The FOLA parents’ organisation is shocked by the findings.

“I think it is absolutely crazy. It simply cannot be that a child goes to school sick and plays with lots of other children. Then we are faced with the fact that they will infect the whole institution,” said FOLA chair Signe Nielsen.

Pill pushers
At the Børnehuset daycare institution in Silkeborg a meeting was called where parents were implored not to bring their sick children to school.

At Børnehuset there are fears that parents prefer to pack their kids off with a pill without informing teachers.

“We occasionally have children who that they have had a pill for breakfast,” said headteacher Susanne Bødker. “You might think that it is a Panodil more than a vitamin pill, if it is a child who has just been sick, for example.”

Parents sick and tired
Parents, when confronted, often cite pressure at work as a reason for not being able to stay at home with their children.

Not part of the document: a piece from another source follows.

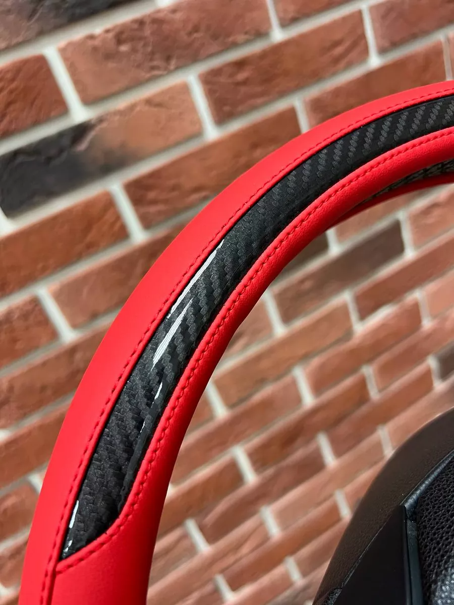 Оплетка руля Автомодель, универсальная, эко-кожа, красная, 37-39 см

Many declare that they simply cannot take another day off, as they are afraid of being fired.

Allan Randrup Thomsen, a professor of virology at KU, has heavily criticised the parents’ actions, describing the current situation as a “vicious circle”.

“It promotes the spread of viruses, and it adds momentum to a cycle where parents are pressured by high levels of sick-leave. If they then choose to send the children to daycare while they are still recovering, they keep the epidemic going in daycares, and this in turn puts a greater burden on the parents.”